Note

A Greek Escrow Account for Bondholders Could Put New Pressure on Athens

The idea of a European Union Budget Commissar to ensure Greek compliance with its reform commitments was floated at a recent European Council meeting—and just as quickly killed as politically impossible to implement. Now Chancellor Angela Merkel of Germany and President Nicolas Sarkozy of France have come up with another suggestion to enforce discipline on Greece. A special escrow account is to be created, into which portions of Greece’s bailout funding would be diverted to ensure that the cash is available to make interest payments to Greece’s bondholders. Make no mistake, however. If this account is implemented, it will be a game changer for the debt restructuring deal for Greece, and for the new International Monetary Fund (IMF) reform program and Greece’s relationship with the euro area as well.

Such an escrow account would give Greek bondholders seniority over the spending demands of Greek residents and taxpayers, when it comes to the use of the bailout money provided Greece by the so-called troika of the IMF, the European Central Bank (ECB), and its partners in the euro area. Elevating creditors in this fashion would be politically controversial, especially in Greece, which would be confronting a deep multiyear recession compounded by a significant reduction in fiscal sovereignty for Athens. Unsurprisingly, the likely next Greek Prime Minister Antonis Samaras has a problem with it! The euro area, on the other hand, is likely to note that it is merely exercising its interest in protecting its taxpayers’ money, which has been sent to assist Greece.

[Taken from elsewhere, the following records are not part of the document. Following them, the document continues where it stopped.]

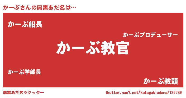 | 男性向けラノベタイトル風あだ名 | 『この素晴らしい世界にかーぶを!』 |
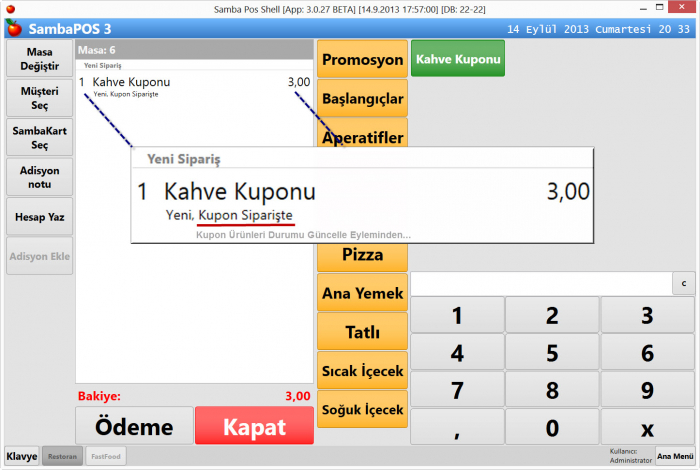 Kuralımızı tanımladıktan sonra adisyona, bir Kahve Kuponu ürünü eklendiğinde aşağıdaki gibi görülecektir.
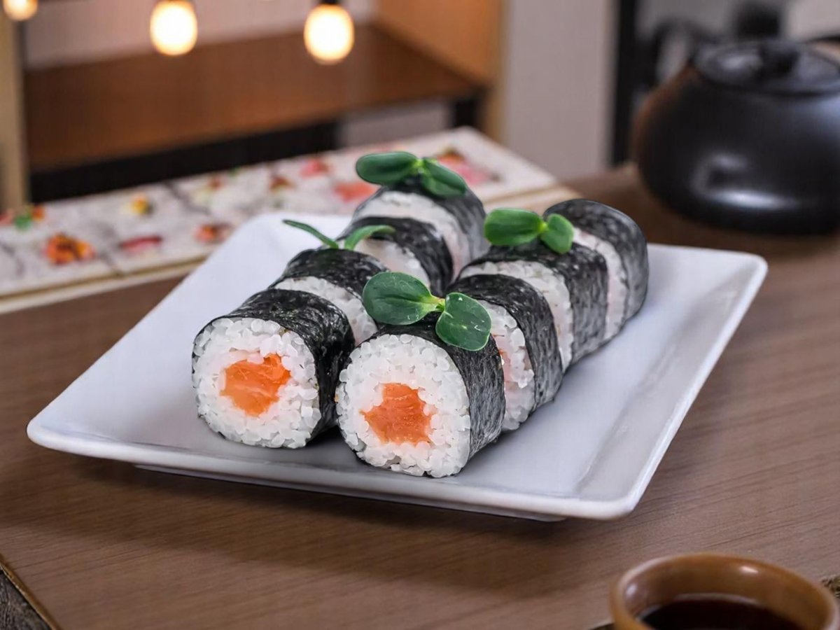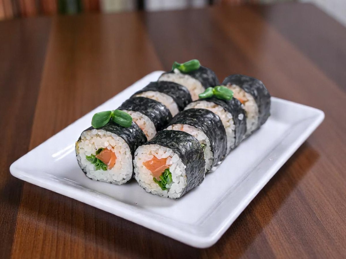 8 броя, ориз, нори, сьомга, зелен лук, пикантна майонеза 150г
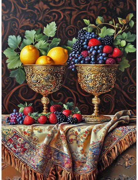 Алмазная мозаика без подрамника «Фрукты в кубках» 70x50 см
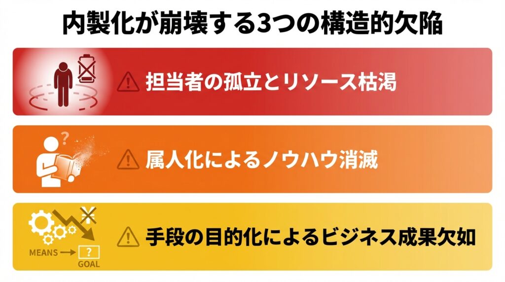 【組織の限界】SNS運用の内製化(インハウス)が崩壊する「3つの構造的欠陥」
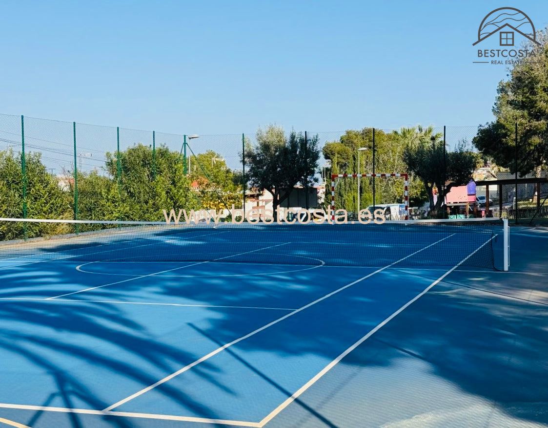 Completely refurbished, this chalet is located in a very quiet area, with access to a communal swimming pool, football and tennis courts, and a children’s playground. It is also very close to international schools and the sports center, just a few minutes from all amenities and only 6 km from Albir Beach.
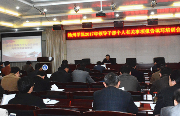 3月28日下午,beat365官网在行政南二楼会议室举行领导干部报告个人有关事项专题培训会,校领导柳友荣、王延寿、汪海、阳光宁、汪贤才参加培训会,党委副书记孙晓峰主持会议并讲话。
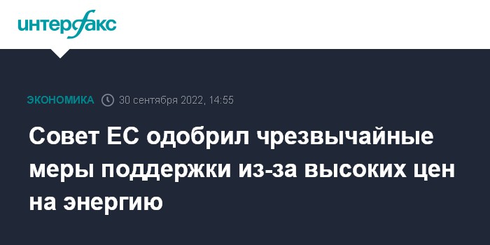 Москва. 30 сентября. INTERFAX.RU - Министры энергетики стран ЕС согласовали в Брюсселе чрезвычайные меры помощи домохозяйствам и предприятиям стран Евросоюза в условиях резкого роста цен на энергию, пишет Le Figaro.
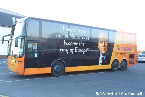 Clonea County Waterford. Fine Gael bus at Clonea Strand Hotel |
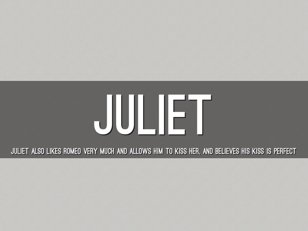 JULIET ALSO LIKES ROMEO VERY MUCH AND ALLOWS HIM TO KISS HER, AND BELIEVES HIS KISS IS PERFECT

In addition, Chancellor Merkel’s intent, obvious though not articulated, is to sequester funds for interest payments only on the new bonds that private bondholders get in return for taking a 75 percent net present value (NPV) write-down on their existing holdings. That deal leaves nothing for the creditors refusing to participate in the debt restructuring, known as the private sector involvement, or PSI. Thus an escrow account offers a powerful incentive to secure a higher participation among creditors in the PSI bond swap. Bondholders would in essence receive a de facto (albeit smaller) claim in the euro area in return for their Greek debt, as the new escrow-guaranteed bonds would be the functional equivalent of a eurobond. An escrow account for Greece’s new long-term swapped bonds (which will have a maturity of 30 or more years) also means that finding the funds to pay back the principal will literally be the problem of future generations of euro area leaders.

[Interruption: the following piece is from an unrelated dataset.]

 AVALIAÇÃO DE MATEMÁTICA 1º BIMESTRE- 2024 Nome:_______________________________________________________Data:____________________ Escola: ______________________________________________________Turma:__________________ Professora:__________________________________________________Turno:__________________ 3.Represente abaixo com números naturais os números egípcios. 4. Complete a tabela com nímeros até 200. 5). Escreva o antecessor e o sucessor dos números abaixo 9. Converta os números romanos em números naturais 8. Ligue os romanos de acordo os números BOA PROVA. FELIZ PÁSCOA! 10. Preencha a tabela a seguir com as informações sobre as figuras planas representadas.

To guarantee this outcome—required if euro area leaders want to be faithful to their promise of ending the experiment of PSI, the euro area must ensure that the escrow account is big enough to guarantee that no further sovereign defaults would happen against the holders of the new bonds.

Beyond these considerations, an escrow account would have very important implications for future brinkmanship between Greece and the troika over Greece’s compliance on reform. Until now, successive Greek governments have argued that the troika has no choice but to pay the next loan tranche, knowing that the associated contagion from a sudden unstructured Greek default would be devastating for the entire euro area. Accordingly, Athens has been able to get away with its deficient program implementation. Note that for Greece, missing a deficit target because of adverse economic conditions is more acceptable than a failure to deliver structural reform because of politics.)

With an escrow account this brinkmanship calculus changes completely. Faced with Greek intransigence on reform, the euro area will be able to use the escrow account to keep international bondholders happy and eliminate the threat of contagion from a second Greek default, while selectively shutting off funds for the running of a Greek government. Athens would thereby lose its principal contagion leverage against the euro area and also lose its ability compel the troika to continue to disburse cash.

An escrow account for bondholders, combined with a likely enhanced euro area/IMF financial firewall against contagion, to become operational by July, would disarm the Greek government in future games of chicken with the euro area. By lifting the threat of potential turmoil throughout the region caused by a Greek domestic default and subsequent meltdown, an escrow would really put the screws on Athens.